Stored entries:

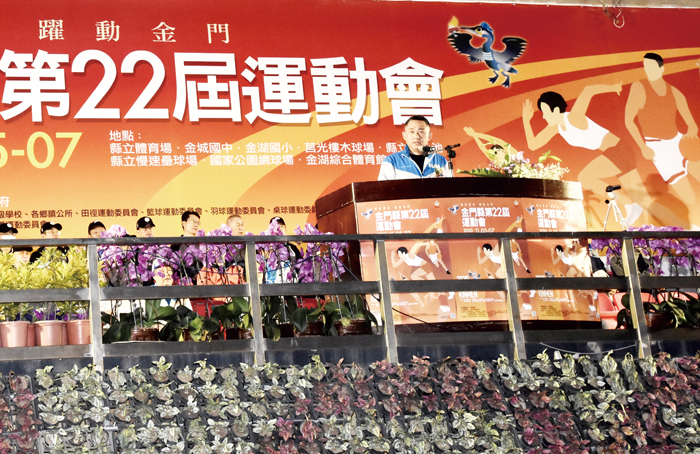 金門縣第二十二屆運動會昨日起正式展開三天的運動賽程,昨日傍晚並舉行開幕典禮,大會主席楊鎮浯縣長致詞時表示,體育象徵一個地方的整體活力,縣府將持續打造優質運動場館,充實軟硬體設備,制定地區體育發展計劃,優化地區體育發展,達成樂活健康、躍動金門的目標。 縣運會分別在金門縣立體育場、莒光樓木球場、金門縣立游泳池、金門縣立慢速壘球場、金湖國小、中正國小、縣立網球場、金湖綜合體育館等進行各項競賽的會前、正式比賽。 第二十二屆縣運會開幕典禮於昨日下午五時三十分起在縣立運動場展開,開幕活動首先由金門管樂團帶來音樂饗宴,緊接著由開瑄國小帶來「鼓震活力.躍動金門」演出、金門體育會土風舞運動委員會的「舞動人生.樂活健康」、金寧中小學及金鼎國小的「熱情奔騰.榮耀體育」等表演,為整個開幕典禮炒熱氣氛。 隨即,啦啦隊進場表演、運動員也接續進場,第一進場的是烈嶼鄉,其後烈嶼各級學校接著進場,後續依序金寧鄉、金沙鎮、金湖鎮、金城鎮等鄉鎮轄區內的機關、學校或單位,最後壓軸進場的是金門縣政府,而這當中有不少隊伍都相當有特色,令人眼睛一亮! 大會主席楊鎮浯縣長、行政院金馬聯合服務中心執行長翁明志、金門地方法院院長莊深淵、金門體育會理事長唐麗輝議員、以及董森堡、張雲德、歐陽儀雄、李養生、陳志龍議員等貴賓,也都在司令台前向進場的運動員揮手致意。 縣運會會旗由金門高中樂隊和儀隊引導之下緩緩進場,並向司令台敬禮致敬;接續由地區運動好手陳彥維、楊肅維、蔡玉玲、李宥萱手持縣運會聖火進場,繞場一週後跑上聖火台點燃聖火,配合低空煙火,天空璀璨光明,隨後升起縣運會大會會旗、唱國歌。 縣長楊鎮浯致詞表示,今年雖然受疫情影響,但在金門各界共同努力下,金門始終維持零確診的紀錄,感謝大會籌備委員會及相關單位,在疫情可控下做好各項準備工作,奠定舉辦第22屆縣運會的基礎。 楊鎮浯表示,體育即國力,更象徵一個地方的整體活力,金門縣政府將持續打造優質運動場館,充實軟硬體設備,制定地區體育發展計劃,優化地區體育發展,達成樂活健康、躍動金門的目標。 唐麗輝指出,從全國運動會的成績可以看到金門體育會努力的痕跡,體育是展現國力最重要的一環,金門體育會本著承接中央政策銜接地方體育特色,推動全民體育與促進全民健康,也感謝縣府、議會對於體育會的支持,祝福選手們再創佳績。 本屆金門縣運動會,比賽項目包含有:田徑、籃球、羽球、慢速壘球、桌球、跆拳、游泳、木球、網球、大隊接力、趣味競賽等,參賽選手5,024人次,表演團體及啦啦隊955人,總計6,135人參與並設身心障礙組的比賽,總計地區各機關、學校、學生組、工作人員、裁判等,共約有6,466人共襄盛舉。 縣運會比賽有十一種類,包括田徑、籃球、羽球、桌球、網球、木球、慢速壘球、游泳、跆拳道、趣味競賽以及大隊接力等,並分成包括:社會男子組、社會女子組、機關學校團體組、高中男子組、高中女子組、國中男子組、國中女子組、國小男子組、國小女子組、身心障礙男子組、身心障礙女子組。另外,也有不少赴台就讀各級學校之縣籍學生,也應戶籍所在地之鄉鎮的徵召,返金為鄉爭光。
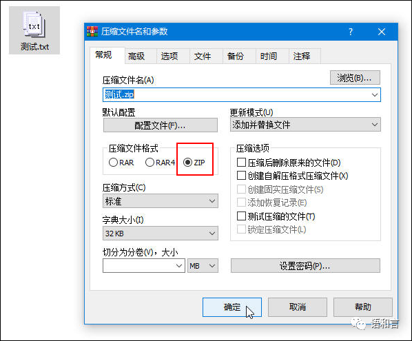 压缩文件格式选择“ZIP”,然后点击“确定”按钮。
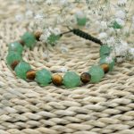 دستبند سنگ _ تراش جواهری اونتورین و دایره چشم ببر سایز 4 _ بند سبز
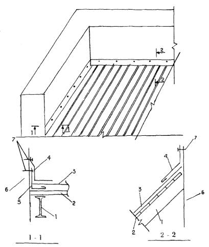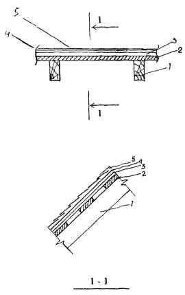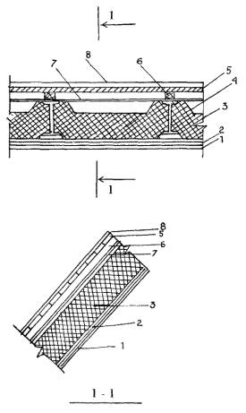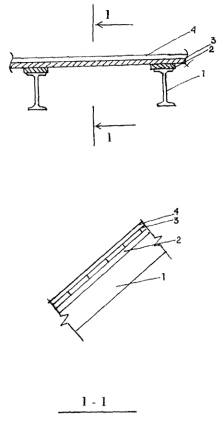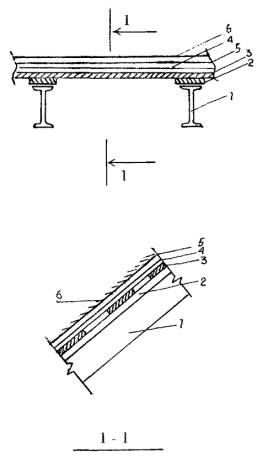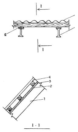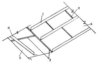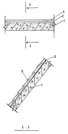 2. КОНСТРУКТИВНЫЕ РЕШЕНИЯ ПОКРЫТИЯ КРОВЕЛЬ2.1. Скатные кровли могут выполняться в двух вариантах: с холодным или теплым чердаком. Несущими конструкциями могут быть деревянные стропила (рис. 1, 3, 7, 9), металлические стропила (рис. 2, 4, 8, 10) или железобетонные плиты (рис. 5, 6). Рис. 1. Кровля с несущими деревянными конструкциями и водоизоляционным ковром из плоских листов: 1 - деревянные стропила; 2 - обрешетка; 3 - водоизоляционный ковер из цинк-титановых или медных листов Рис. 2. Кровля с несущими металлическими конструкциями и водоизоляционным ковром из плоских листов: 1 - металлические стропила; 2 - продольные доски или бруски; 3 - обрешетка; 4 - водоизоляционный ковер из цинк-титановых или медных листов Рис. 3. Кровля с несущими деревянными конструкциями и водоизоляционным ковром из профильных листов: 1 - деревянные стропила; 2 - обрешетка; 3 - водоизоляционный ковер из профилированных листов, гофрированных листов, металлочерепицы, цементно-песчаной черепицы Рис. 4. Кровля с несущими металлическими конструкциями и водоизоляционным ковром из профильных листов: 1 - металлические стропила; 2 - продольные доски или бруски; 3 - обрешетка; 4 - водоизоляционный ковер из профилированных листов, гофрированных листов, металлочерепицы, цементно-песчаной черепицы Рис. 5. Кровля с несущей железобетонной плитой: 1 - железобетонная плита; 2 - пароизоляция; 3 - деревянные бруски; 4 - водоизоляционный ковер из плоских или профильных листов, цементно-песчаной черепицы Рис. 6. Кровля с несущей железобетонной плитой: 1 - железобетонная плита; 2 - подкладочный слой; 3 - водоизоляционный ковер из мягкой черепицы Рис. 7. Конструкция мансардной кровли с несущими деревянными конструкциями: 1 - подшивной потолок; 2 - пароизоляция; 3 - деревянные стропила; 4 - утеплитель; 5 - диффузионная пленка; 6 - обрешетка; 7 - деревянные бруски; 8 - водоизоляционный ковер из плоских или профильных листов, цементно-песчаной черепицы Рис. 8. Конструкция мансардной кровли с несущими металлическими конструкциями: 1 - подшивной потолок; 2 - пароизоляция; 3 - металлические стропила; 4 - утеплитель; 5 - диффузионная пленка; 6 - обрешетка; 7 - деревянные бруски; 8 - водоизоляционный ковер из плоских или профильных листов, цементно-песчаной черепицы Рис. 9. Кровля с несущими деревянными конструкциями и водоизоляционным ковром из мягкой черепицы: 1 - деревянные стропила; 2 - обрешетка; 3 - водостойкая фанера; 4 - подкладочный слой; 5 - мягкая черепица Рис. 10. Кровля с несущими металлическими конструкциями и водоизоляционным ковром из мягкой черепицы: 1 - металлические стропила; 2 - продольные доски или бруски; 3 - обрешетка; 4 - водостойкая фанера; 5 - подкладочный слой; 6 - мягкая черепица 2.2. При холодном чердаке пароизоляция и теплоизоляционный слой укладывают на перекрытие; водоизоляционный слой укладывают на основание по скатам. При теплом чердаке вся конструкция покрытия укладывается по скатам. 2.3. Водоизоляционный ковер выполняется из одного слоя листовых материалов на основе сплава цинк-титана, меди (рис. 1, 2, 5, 7, 8); профильных листов (профилированные листы, гофрированные листы, металлочерепица), цементно-песчаной черепицы (рис. 3, 4, 5, 7, 8) или мягкой черепицы (рис. 6, 9, 10). 2.4. В местах примыканий к вертикальным поверхностям (рис. 12) и технологическим трубопроводам (рис. 15) проектом должно быть предусмотрено устройство дополнительных слоев 
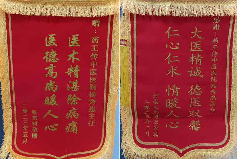 (康复患者送来感谢杨秀惠主任的部分锦旗)
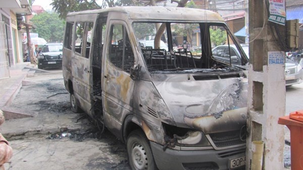 Tại hiện trường, chiếc xe bị cháy trơ khung. Đến 9h cùng ngày, toàn bộ mạng lưới điện thắp sáng, Internet trong khu phố đã bị cắt.
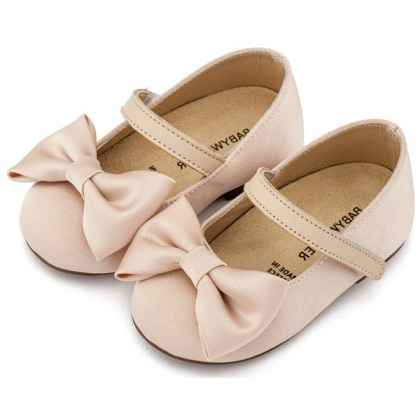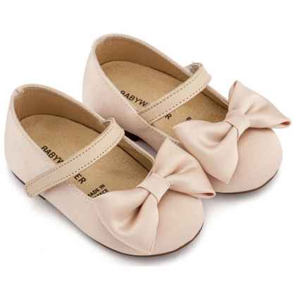 Υφασμάτινο Γοβάκι Μονή Μπαρέτα Χρατς με Σατέν Χειροποίητο Φιογκο σε Μπεζ Χρώμα
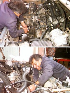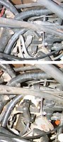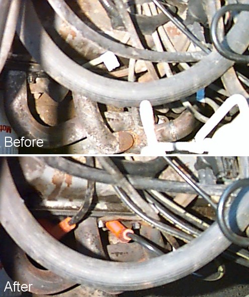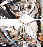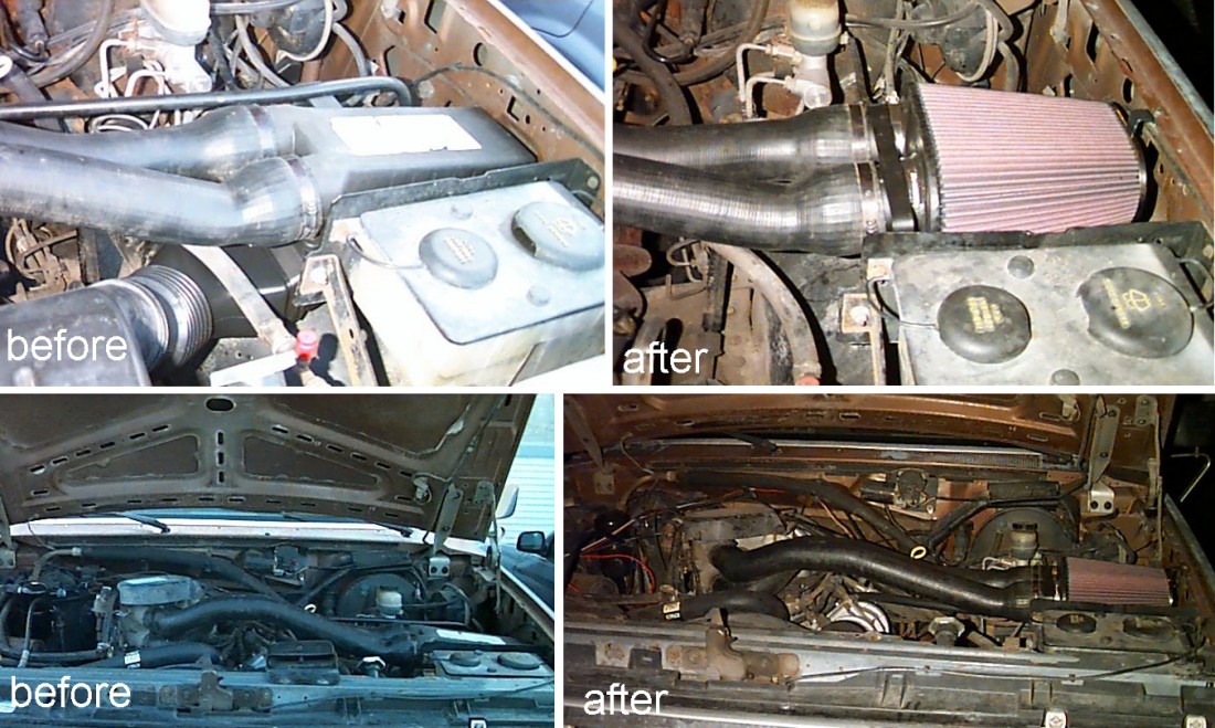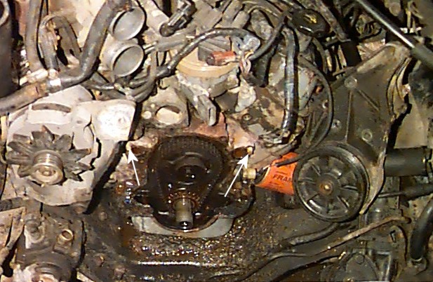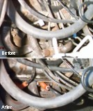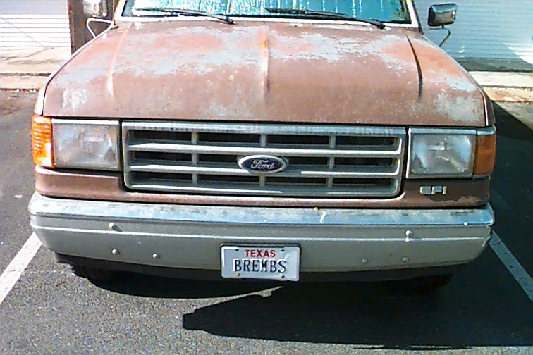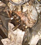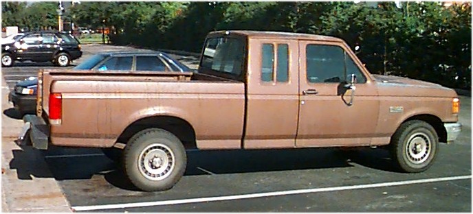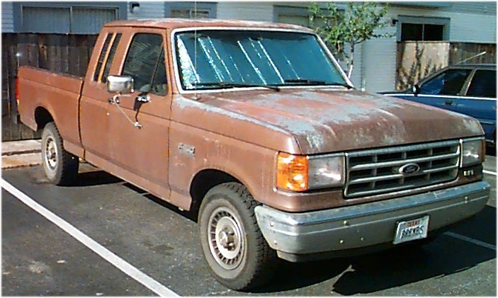 Ford F-150 PU I bought this car in Houston, Texas in April 2000. It's a 1988 Ford F-150 Pickup Truck with the 5.0l (302ci) V8 engine (EFI, 185hp). April 2000: The cab was in pretty bad shape when I bought it. I had to replace the floor carpet, the front seat bench and the driver's seat belt. May 2000: As one of the stock exhaust manifolds was cracked, I installed a set of Pacesetter headers. The rest of the exhaust system was pretty run down, too, so I had to get a new set of pipes, a new cat and a muffler. June 2000: It also needed new shocks, some power steering seals and the entire airconditioning had to be replaced (can't live without that, here in Houston). So far, the engine seems to be fine, though. You can tell, it needs a paint-job, too <g>. Aren't personalized licence plates hilarious on a wreck like this? September 2000: I added a larger mirror because of the huge blindspots. Overhead storage was also insufficient, so I got something for that, too. November 2000: Besides the 'Ranch Hand' bumper from the previous owner, it now also has a new water pump, oxygen sensor and a K&N drop in airfilter. Together with the K&N filter I also changed the airbox and air intake duct. As it got colder, the belt started to squeal, so I went to the wreckers and got a tensioner, too. December 2000: I disassembled throttle body and intake manifold to gain access to the passenger's side valve cover. After thoroughly cleaning throttle body and upper plenum from carbon deposits, I replaced the leaky valve cover gasket. In the course of the reassembly I also replaced some old and porous coolant hoses, retorqued the driver's side valve cover bolts and all exhaust header bolts. I installed the Accel 300+ Racing Wires (see above images), Accel Super Coil, Bosch +4 Platinum spark plugs (see below images), and an Accel Distributor Cap and Rotor Kit. January 2001: Replaced the front brake pads and had the rotors resurfaced. Had the rear wheel cylinders and shoes replaced as well. All new brakes now on all four wheels. March 2001: Installed an MSD 6a ignition control unit. For some strange reason the unit would only work if hooked up directly to the battery posts. The MSD rounds off the complete upgrade of the entire ignition system. May 2001: As the power steering gearbox has started leaking again I decided it's time to finally put in a new one. At the occasion, I also changed the dual tank selector valve (diaphragm was ruptured), the fuel filter, the serpentine belt and checked/set the timing (10° BTDC). I also got a new instrument cluster with a tachometer and a trip-odometer. The only problem was to get the odometer readings identical: I had that fixed by a local speedometer shop. September 2001: I decided to get rid of the restrictive snorkel and airbox altogether and installed a K&N FIPK. November 2001: After the problem with the starter being slow when the engine is hot got worse and worse, I decided to get a new starter. December 2001: I finally fixed the clutch that had been leaking since I bought the truck. Unfortunately, the slave cylinder was the culprit, it was leaking much worse than the master cylinder. That meant I had to unbolt the transmission to replace the slave cylinder in the bell-housing. I used the opportunity to re-seal the transmission upper and extension housing seal and change the transmission oil to Mobil 1 synthetic. January 2002: The timing chain cover has started leaking coolant. I took the opportunity to change the chain to a true roller chain and add a block protector kit while I was in there anyway. It turned out that the reason for the leaking timing cover were two broken bolts at the main cooolant passages (arrows). The old chain was also slightly stretched. We had to use the 'heat-wrench' to get the seized bolts out of the timing cover and block (the guy with the torch is my friendly mechanic Carlos who helps me out if I need his skills and tools to do the job). Luckily, the bolts came out and we had no further difficulties installing the new parts and re-assembling everything. The left picture shows the block protector installed and the right one the new chain. Since I had to pull everything off the front of the engine, I've installed an electric fan as well. I have a separate page showing the electric fan installation. August 2002 : I installed a new intake featuring Bosch Design III injectors, a Lightning throttle body and mass-air conversion with a 80mm Pro-M mass-air meter. You can see the in-depth description of that project on my MAF conversion page.

### [What you have to do]
Copy the entries above exactly, but only the stretch from the line containing "Tại hiện trường, chiếc" through the line containing "Υφασμάτινο Γοβάκι Μονή". Keep both end lines; drop the pictures.

### [Solution to the exercise]
 Tại hiện trường, chiếc xe bị cháy trơ khung. Đến 9h cùng ngày, toàn bộ mạng lưới điện thắp sáng, Internet trong khu phố đã bị cắt.
 Υφασμάτινο Γοβάκι Μονή Μπαρέτα Χρατς με Σατέν Χειροποίητο Φιογκο σε Μπεζ Χρώμα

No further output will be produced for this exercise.